Some manuscripts, and maybe if you have a King James, instead of "pits" you might have the word "chains." Some ancient manuscripts do have that word but the best evidence indicates that the better manuscripts use the word "pits." Jude in verse 6 of his little epistle does refer to their imprisonment in chains, and some scribe perhaps wanting to make Peter consistent with Jude slipped Jude's word over into Peter's epistle when he was copying a manuscript and thus it arrived there. But it's best to see it as the word "pits." Either way, whether it's pits or chains, it's the same idea. The word darkness is zophos, blackness.

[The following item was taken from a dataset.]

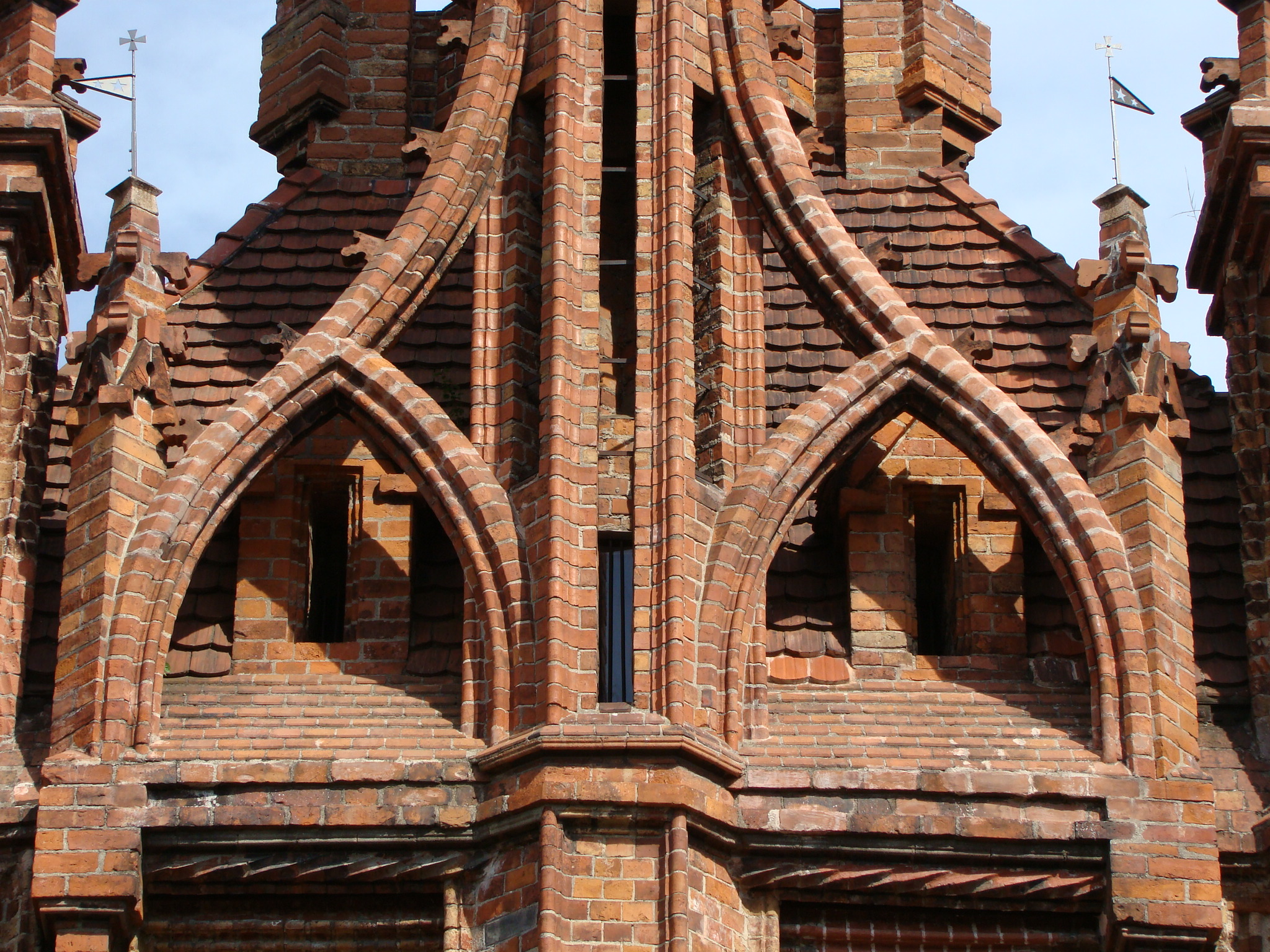 Part of fasade of St. Anne Church in Vilnius.
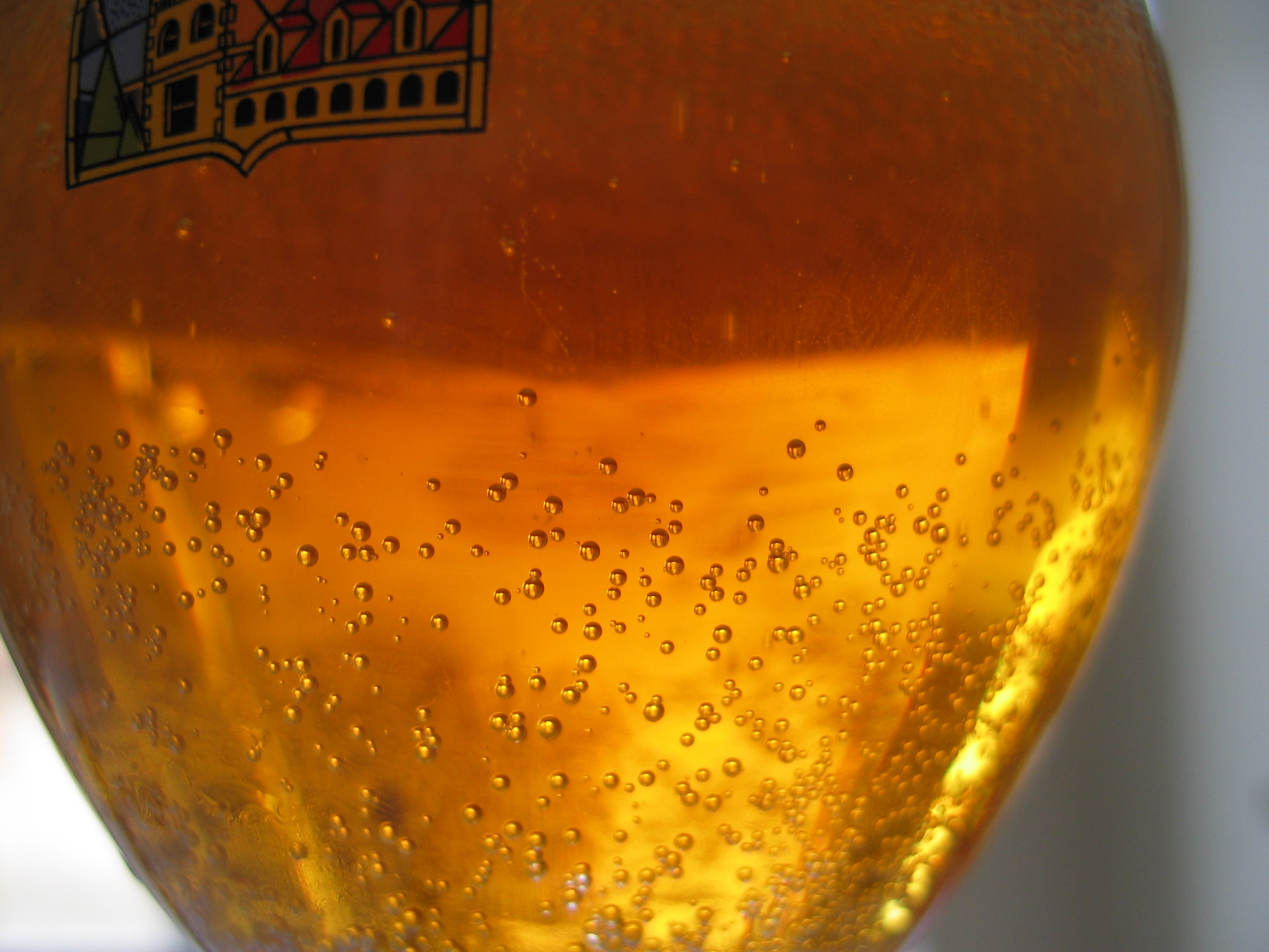 Belgium beer (Leffe)

So here were some angels who sinned and were sent to the deepest hell in a subterranean pit of blackness to be kept there until the day of judgment...the deepest place of torment. And they are held there, the end of verse 4 says, reserved for judgment. They're like a prisoner who's incarcerated awaiting final sentencing. There's no bail for them. There's no way out. The place is only temporary in the sense that in the day of judgment they will go to another place. Do you know what other place? Revelation 20:10 says the devil and all his angels will be cast into the...what?...the lake of fire. That's the final form of hell..."  Full text :  Divine Judgment on False Teachers, Part 1 Peter 2:3b-5 by John MacArthur

Response to comment [from other]:  "...Death and life are opposites..."

What cult or 'ism do you belong to?  Pagan?  Run of the mill heathen?  What?